I get it, you used various incandescent lights, the tungsten sublimated and crystallized onto the glass, and the lamps eventually burned out.
Up close, the WF6 mirror almost looked like a sort of enchanted leather.
I knew you would set the stuff on fire... :D But burning tungsten compounds or seeing tungsten products of all chemicals in the gaseous state is certainly a first. Amazing.
great accent. Belarusian 🙂
Are you just letting the HF go out of the fume hood as is?
He is definitely in a real lab with scrubbers.
10:20 - Why doesn’t hydrogen fluoride corrode the glass?...

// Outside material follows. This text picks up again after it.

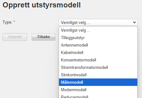 For å opprette målermodell vel ein «Målermodell» i nedtrekkslista.

make normal size mirror with that :D
niceg
w o l f r a m :)
Imagine making a mirror that killed you if you touched it
how in the world does one get a tank of WF6 for a youtube video o.O
Well. You got to work for a professional lab .
From sigma aldrich
(Serious) 5:38 I am very sorry, but no matter how hard I try, I just cannot understand what you’re saying after “vaporize it”
hi
Talk about a heavy metal mirror….
Helloo, im is Russia
Tungsten metal doesn't want to react with anything.